Remember the day when you could just take your junk mail out of the mailbox and throw it straight into the trash, bypassing the waste baskets in the house? Or when you could receive a credit card bill, write a check without reading the bill, and throw the bill out? Those days are long gone–sacrificed to the spectre of identity theft.
I’ve had my identity stolen several times, each time by a foster child who snagged a credit card to charged small things like fast food and gas.
But I’ve not (yet) experienced “the big one”–the kind of identity theft where someone assumes your name, but not your frugal lifestyle, and causes you untold hassles just to prove you are really yourself.
I say “not yet,” because I figure identity theft is like bird flu; it will either mutate and catch me, or not, and there’s little I can do about it.

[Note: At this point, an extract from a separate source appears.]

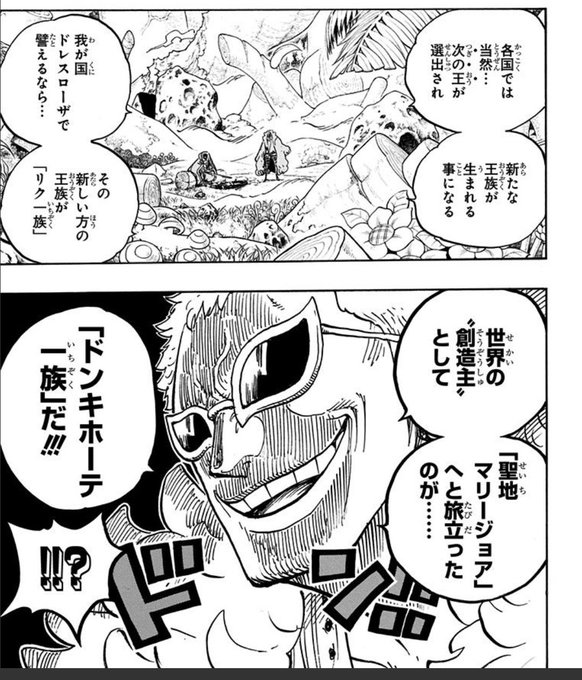 遥か昔から900年前までドンキホーテがトンタッタを支配し、その後空白の百年に何があってマリージョアへ。800年前王位についたのがリク家…か
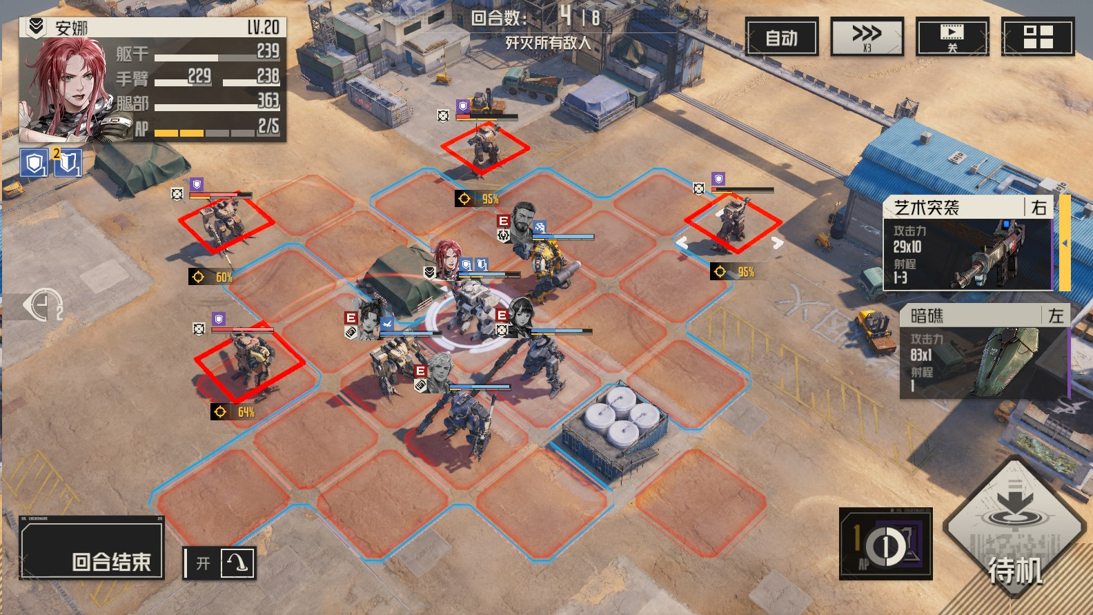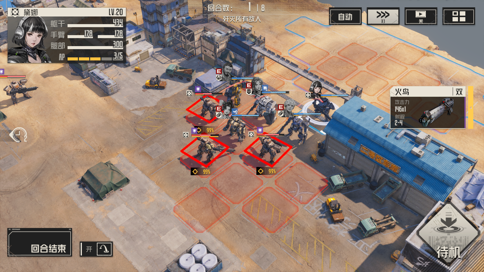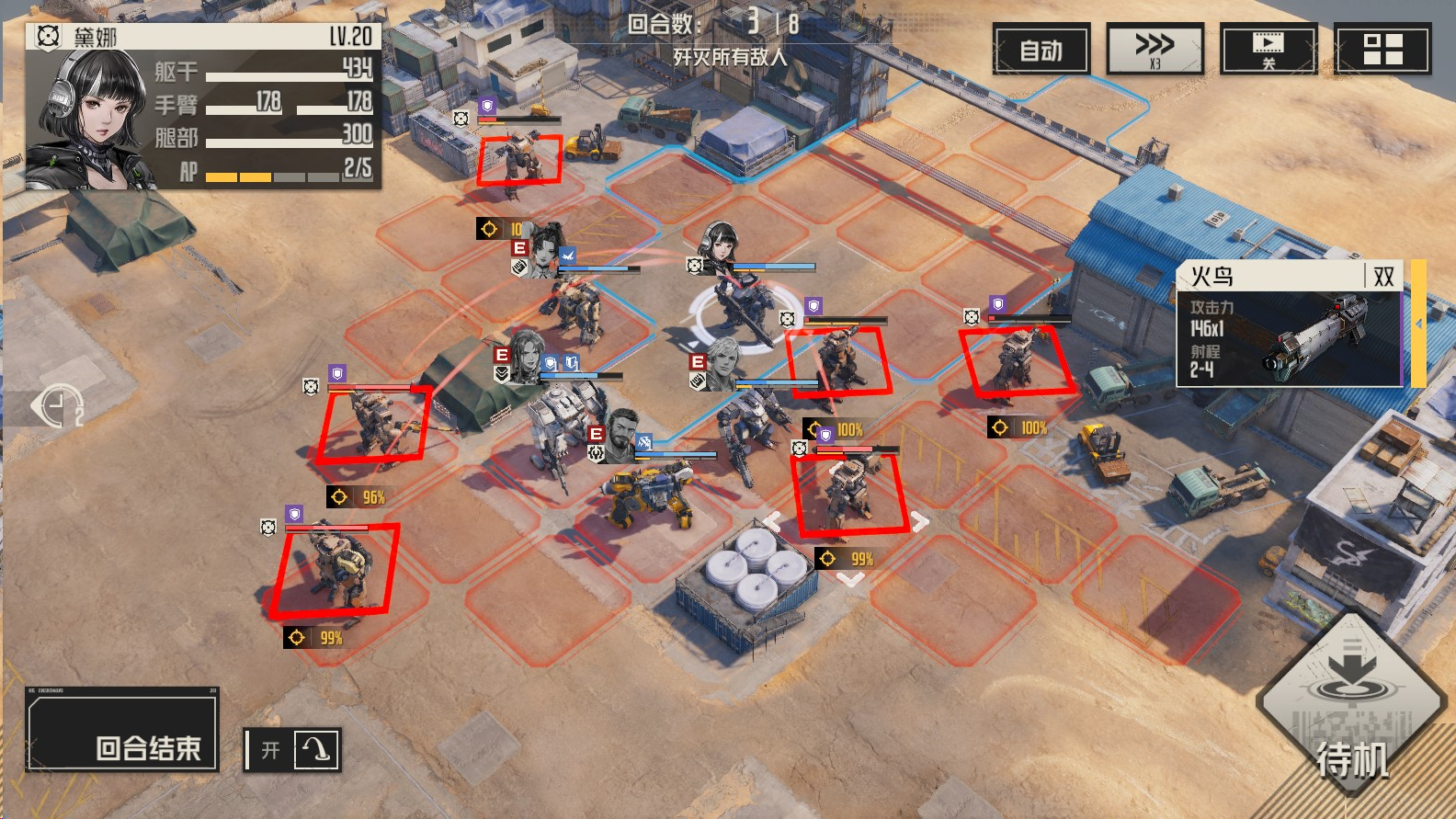 我方向前推进,面前有正好3个狙击兵,我方可贴身对敌人进行攻击,由于狙击兵的射程是2-4,我方近身可对其造成伤害,而敌方无法进行反击,相当于白嫖血量。

I am, however, irrationally hoarding a dose of Tamiflu, and I’m irrationally trying to prevent identity theft as well. And I can only tell you that living in fear is terribly time consuming.
First I had to buy the shredder. Then I had to figure out what to shred. This meant I had to start reading my junk mail. If anything says “preapproved,” or comes with one of those fake checks, I shred it.
Sometimes I even wait for the postman, because my mail is delivered to a slot in the front of my house, but it doesn’t all fit through, and it hangs out until I get it from the outside. I imagine this was a very secure way of getting mail fifty years ago, when the house was built, before all the deluge of catalogues, flyers and newspapers that now constitutes the bulk of the US Mail (bad pun).
I shred my bank statements, which now come in both paper and plastic(computer). I also shred my credit card bills — the ones I still have to receive in the mail. I’ve stopped almost everything from coming in the mail, because the mail is a big source of identity theft.
This creates problems in and of itself, because if my Quickbooks fails, I have no tax records. This summer, my PC was stolen, and that’s where I have all my financial records. Although they were backed up, it was a struggle restoring them. And there’s no paper trail. The days of the paper trail are over.
All this takes time. It takes even more time if you try to short cut the process by overloading the shredder, which then stops in the middle. Then you have to un-jam it and begin all over again, with the half-shredded documents in your hand.
All this is a long way of saying that I am moving again: this time to a high rise condo in the Central City where they deliver the mail to a locked box in a secure room.
You may find me in the future at : 4750 North Central Avenue, Unit 9N, Phoenix, AZ 85012. But don’t you dare send me anything in the mail. I will only shred it.